The student drop cards at the top of the desk had become disarranged, the way papers on desks always become disarranged, for no discernable reason. Miss Maryanne Veer pulled them toward her, and made two piles of them: cards proper to one side, explanation sheets to the other. She was not, after all, a ditherer. She was certainly not the kind of ditherer Vivi Wollman was. She knew what it was she had to do next. She only had to work up the courage to do it.

She deposited the drop cards and explanation sheets into the long center drawer of her desk and said,

“I can do what I ought to do, Dr. Wollman. I can go to lunch, and come back, and if I haven’t seen or heard from Dr. Steele by then, I can call the police and report him missing.”





2


IN SPITE OF WHAT Dr. Alice Elkinson thought, Dr. Kenneth Crockett didn’t always go rock-climbing with Jack Carroll. Sometimes he went on his own, which was what he had done this morning. He knew he shouldn’t. The first thing he taught the new people who joined the Climbing Club was never to go up anything you needed pitons for on your own. Even Sir Edmund Hilary had gotten into trouble on climbs. Everybody did. Everybody got tired. Everybody got sick. Everybody got stupid once in a while. It was the iron law of human nature, the flip side of Socrates’s old know thyself. Never trust yourself. That was the ticket.

Now it was ten minutes to twelve, and he was back, tired and sweaty, sitting on the porch of the log house that served as the Climbing Club’s in-season headquarters.

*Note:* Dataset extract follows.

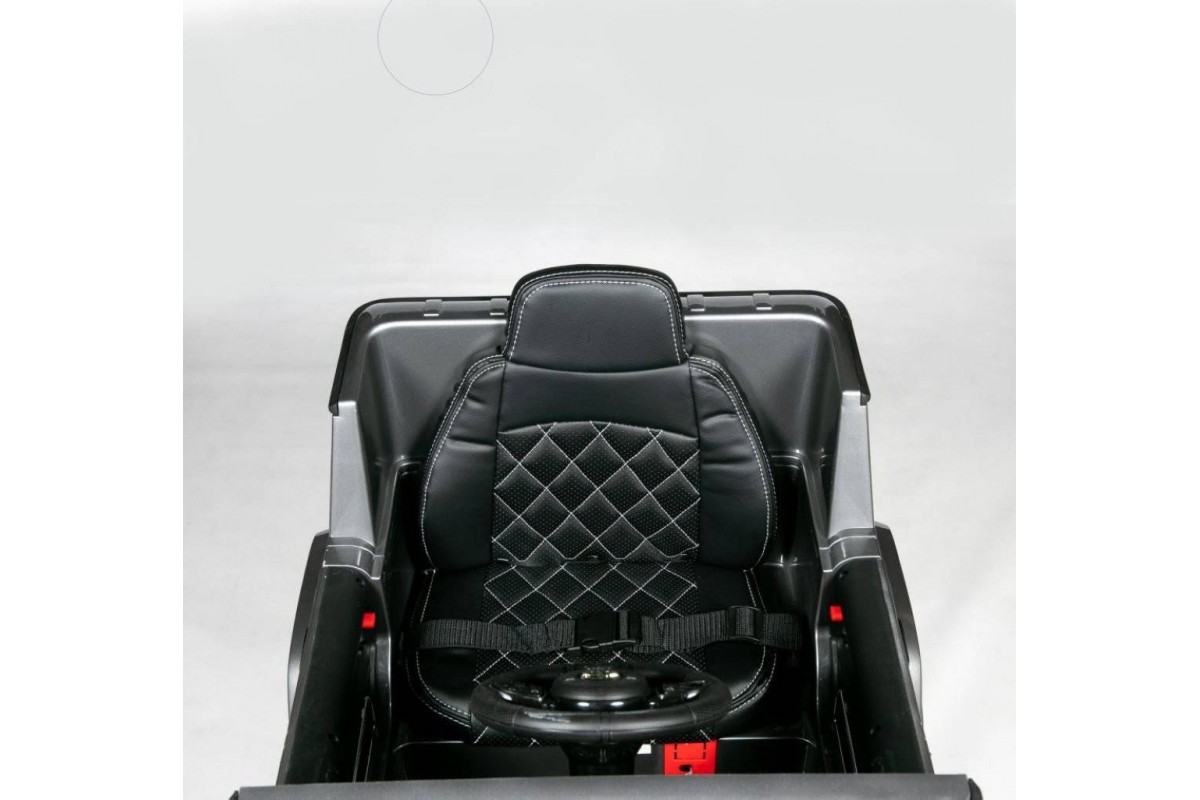 Дверцы автомобиля оборудованы окнами и замками, легко открываются и закрываются, поэтому ребенок может садиться и выходить из салона самостоятельно. Высокие борта и прочный ремень безопасности предохраняют маленького водителя от выпадения из машины и других травм. Водительское кресло из эко-кожи имеет эргономичную форму. Сиденье и спинка образуют единое целое, что гарантирует анатомически правильное положение тела ребенка и избавляет от дискомфорта даже во время длительной поездки.

What was below him wasn’t a climb but a walk. The slope was too gentle to feel like anything else to anyone but the most out of shape of amateurs. What was around him was silence. “In season” for the Climbing Club meant the spring, or maybe the very early fall. This late in October, the temperatures were too low and the threat of rain too constant. That was why he was stuck with Jack if he wanted a companion. Jack Carroll was the only other person he knew at Independence College willing to go up Hillman’s Rock at six o’clock in the morning and in a temperature of twelve degrees.